Non, écoute. Je dis juste que, si ta littérature a des qualités, je la vois pas.

Anyway, elle informe sur beaucoup de choses par exemple, ça je veux ben le croire. Note, et ça ça te fera ultra-chier, que le terme était choisi dans le but d'évoquer doublement le mot exemple, au sens d'information culturelle, et de locution associative.

(Je viens de montrer Montréal -40, de Malajube, à mon neveu qui a trouvé ça vraiment étrange mais vraiment bon. Les dessins sont vraiment beau.)

Bon, voilà, il faut que je parte. Mon pote monte a l'étage, le gâteau a été mangé. Il va falloir que je revienne tantôt, j'ai quelque chose à raconter.
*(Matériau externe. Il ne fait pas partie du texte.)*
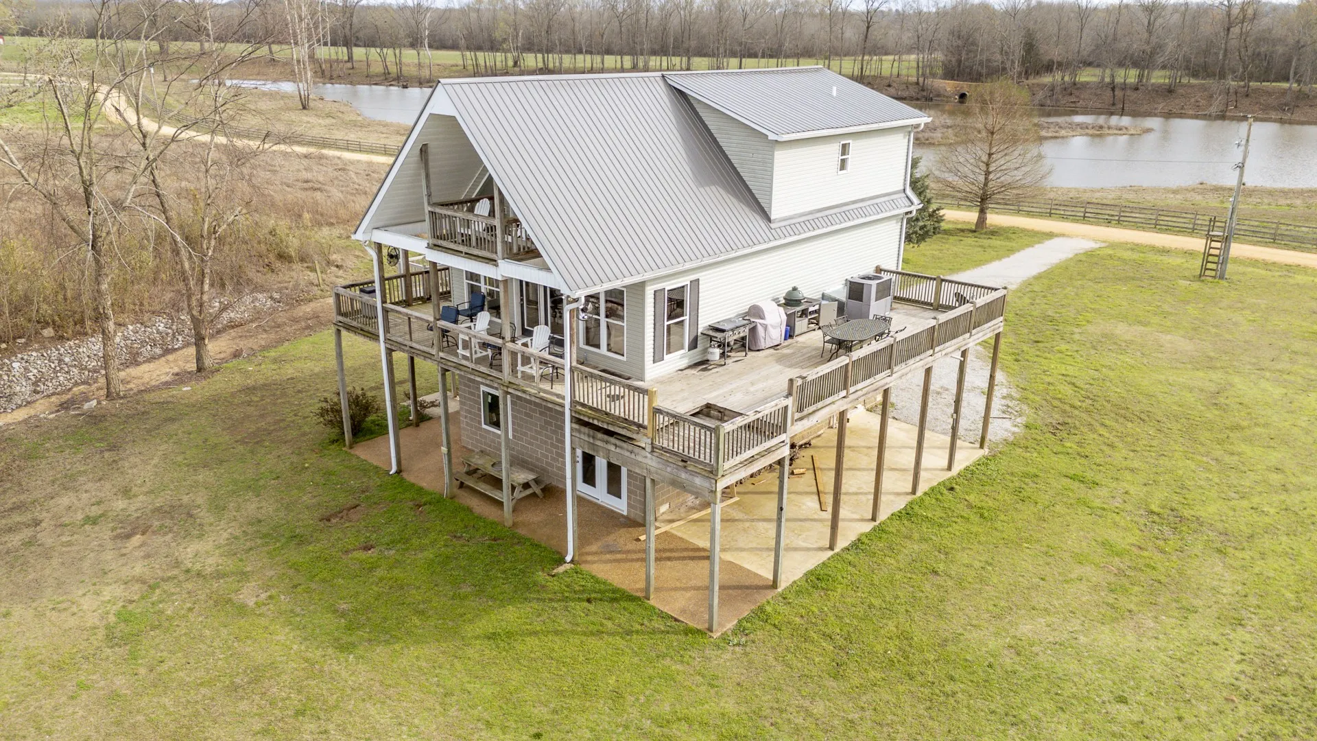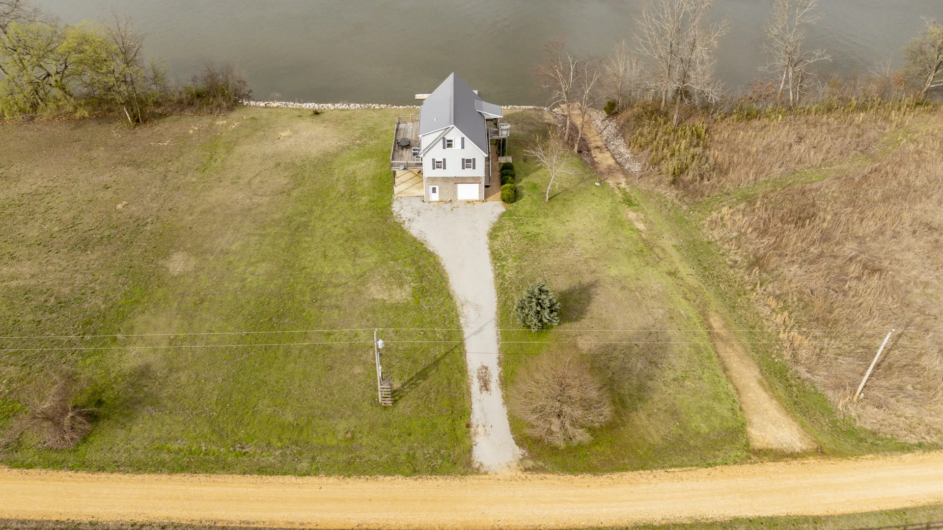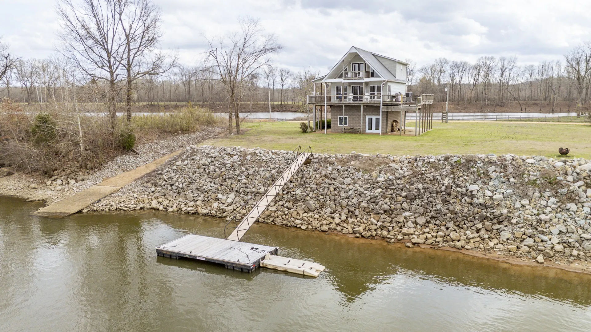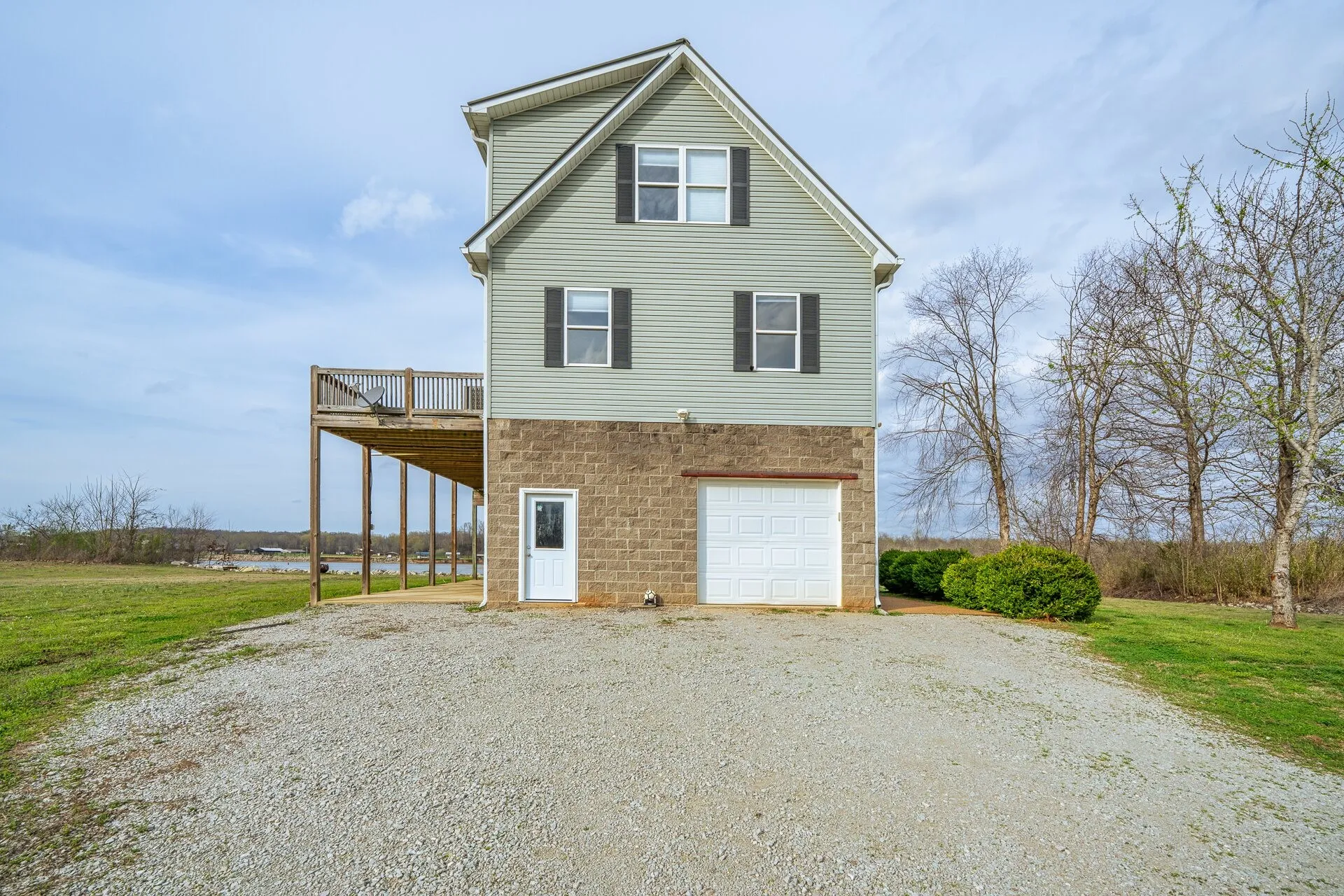 This Tennessee River waterfront home offers stunning water views from every window. Home comes with an extra waterfront lot on one side and community boat ramp on the other providing unparalled privacy and convenient boat launching! Your private boat dock is buffered from the main navigational channel by a natural island, and a serene water inlet is visible from the property. An all-aluminum outdoor lift adds extra convenience for loading and unloading. The main level features an open-concept kitchen and living area, two bedrooms, a full bath, and a handy combined pantry/laundry room. You’ll enjoy generous deck space—both covered and uncovered. Upstairs, the spacious ensuite bedroom has plenty of room for three queen-size beds, plus additional living space that opens to another covered deck—ideal for family gatherings or quiet mornings overlooking the river. The basement is built with durable concrete block construction, properly vented, and designed to handle high water levels. On one side, a covered lean-to includes a septic hookup ready for a camper or RV. New decking on the boat ramp, replacement of all exterior doors and windows on the basement level,upgraded kitchen cabinets and flooring. The home is equipped with two HVAC systems (one brand new, the other just 3 years old) and includes all appliances—washer, dryer, and more. Most furniture conveys as well, making this truly turnkey and ready for immediate enjoyment. This special section of the Tennessee River features multiple sandy beaches, islands, and hidden coves—perfect for boating, watersports, fishing, or simply relaxing by the water. Nearby marinas provide fuel, food, and supplies. There’s also ample yard space between the house and river for outdoor activities. Located in the desirable Bath Springs area, halfway between Memphis and Nashville. 30 minute drive to Savannah TN where you will find Lowes, Walmart and many dining options. Fiber Internet available.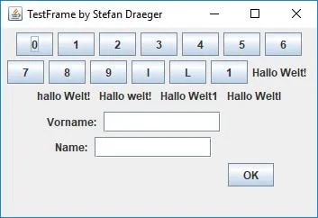 Die Testanwendung enthält die Felder für „Vorname“ & „Name“ sowie die Schaltfläche „OK“.

Mais, en terminant, sérieusement moi je trouve ça pissant. On dirait que t'écris comme un prof de Cégep; dont la fonction aurait été d'être ton épouse. Dans le fond, Crystian, dirais-tu que tu nous enseignes à être comme toi ?

C'est pissant, c'est vraiment ça. (Vamp, Vautour, e.)

Au fait, quand Kevin te parle des "lieux d'inscriptions de ton discours", il parle des lieux physiques, je crois. Genre, le Cheval blanc qui sentait la pisse. Quand est-ce tu m'sors au Laïka ?

Bon, faut que j'aille; on se demande ce que je fais. Le meilleur café à Valleyfield, c'est chez Giroux. La meilleure ambiance, chez le Saint-Alex. La meilleure bouffe ? Quintessence.

Faut j'aille ! faut j'aille !

Ma foi, t'essayes-tu d'écrire comme moi ? Écoute, faut je te dise, tantôt je lisais Dylan; j'ai tellement l'impression que Dan Bigras commence à éprouver du remords. Ma faute. Peut-être que j'aurai rien à faire ?

Peut-être que t'auras tout fait, comme tu le fais d'habitude, oh, Papa ! (Mistral.)

Comment j'en suis venu à plotter Marie Olscamp ?

Papa, t'auras mieux qu'ici-bas.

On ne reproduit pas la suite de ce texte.